CBAM and Vietnam: What Vietnamese Steel, Aluminium and Fertiliser Exporters Must Do
Vietnam is a fast-growing exporter into the EU across CBAM-covered sectors — particularly steel from Hoa Phat and Formosa Ha Tinh, aluminium from emerging downstream processors, and fertilisers from PVFCCo, PVCFC, and DAP-Vinachem. Vietnam does not have a national carbon price currently eligible for CBAM Article 9 deduction. The Vietnamese ETS is in pilot phase but is not yet operational at scale.
Vietnam CBAM Exposure by Sector
| Sector | Key companies / installations | EU export volume | Estimated annual CBAM liability at default |
|---|---|---|---|
| Steel (BF-BOF integrated) | Hoa Phat (Dung Quat, Hai Duong), Formosa Ha Tinh, Pomina | 500,000–1,500,000 t/year (rising) | EUR 71–214M |
| Steel (rebar, sections, EAF) | Vinakyoei, VAS, Pomina, Tung Ho | 300,000–600,000 t/year | EUR 14–28M |
| Aluminium (downstream) | Hoa Phat Aluminium, Tan A Dai Thanh | 50,000–150,000 t/year | EUR 40–122M |
| Fertilisers (urea, NPK) | PVFCCo (Phu My), PVCFC (Ca Mau), Vinachem subsidiaries | 300,000–700,000 t/year | EUR 46–106M |
Hoa Phat Dung Quat — Vietnam's CBAM Centre of Gravity
Hoa Phat's Dung Quat integrated steel complex is Vietnam's largest single CBAM-exposed installation. As an integrated BF-BOF site, the actual embedded carbon is close to global BF-BOF averages (1.85–2.20 tCO2/t) — meaning the saving from documenting actual versus default is small per-tonne but very large in absolute terms given the volume. For Hoa Phat, the more important play is investment in DRI-EAF and grid decarbonisation that will lower actual values over time. The vault record needs to be re-verified annually as those investments come online.
Vietnam's Grid Emission Factor
Vietnam's national grid emission factor is approximately 0.62 tCO2/MWh — heavily coal-dependent but with rapidly growing solar and wind shares. EAF steel producers in solar-heavy southern provinces have an actual-value advantage that doesn't exist for northern producers on coal-heavy grids. This regional split matters for CBAM documentation and should be reflected in installation-specific actual values rather than a national average.
The Pellet and Coke Supply Chain
Vietnam imports the majority of iron ore pellets (Brazil, Australia) and coking coal (Australia) for its integrated steel production.

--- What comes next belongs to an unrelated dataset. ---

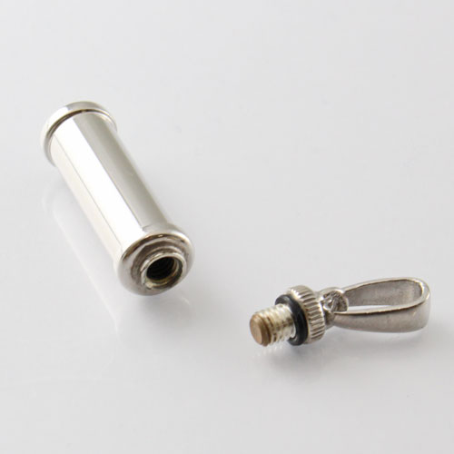 バチカン部分をねじって開け中に遺灰や遺髪を収めることができます。開口部は非常に小さいので、粉末状にしたものなどを時間をかけて丁寧に納めてください。

The embedded carbon of these inputs flows into the embedded carbon of Vietnamese steel exports. Vietnamese producers documenting actual values need to maintain traceability to their pellet and coke suppliers — this is increasingly the bottleneck in CBAM verification, not the Vietnamese installation's own emissions data.
Frequently Asked Questions
Does Vietnam have a carbon price eligible for CBAM deduction?
No. Vietnam does not currently have a national carbon tax or operational ETS eligible for CBAM Article 9 deduction. The pilot ETS is scheduled for mandatory operation from 2028 but is not yet recognised by the EU Commission for CBAM deduction.
What is Vietnam's total annual CBAM exposure?
Estimated at EUR 170–470M annually across steel, aluminium, and fertilisers — based on current export volumes and EU default values. Hoa Phat alone accounts for the majority of the steel exposure.
Which Vietnamese companies face the highest CBAM exposure?
Hoa Phat (Dung Quat and Hai Duong steel complexes), Formosa Ha Tinh, PVFCCo and PVCFC (urea), and the downstream aluminium fabricators. Hoa Phat's Dung Quat alone is Vietnam's largest single CBAM-exposed installation.
Does CBAM apply to Vietnamese rebar exports?
Yes. Steel rebar (HS code 7214) is covered under CBAM Annex I. Vietnamese EAF rebar producers can document significantly lower actual values than the 2.18 default, especially those operating on solar-heavy southern grids.
Where can Vietnamese manufacturers find ISO 14065 accredited CBAM verifiers?
Vietnamese producers typically work with regional ISO 14065 accredited firms based in Singapore, Malaysia, or Thailand, or with European firms with Asian offices. See the verifier directory for the global list.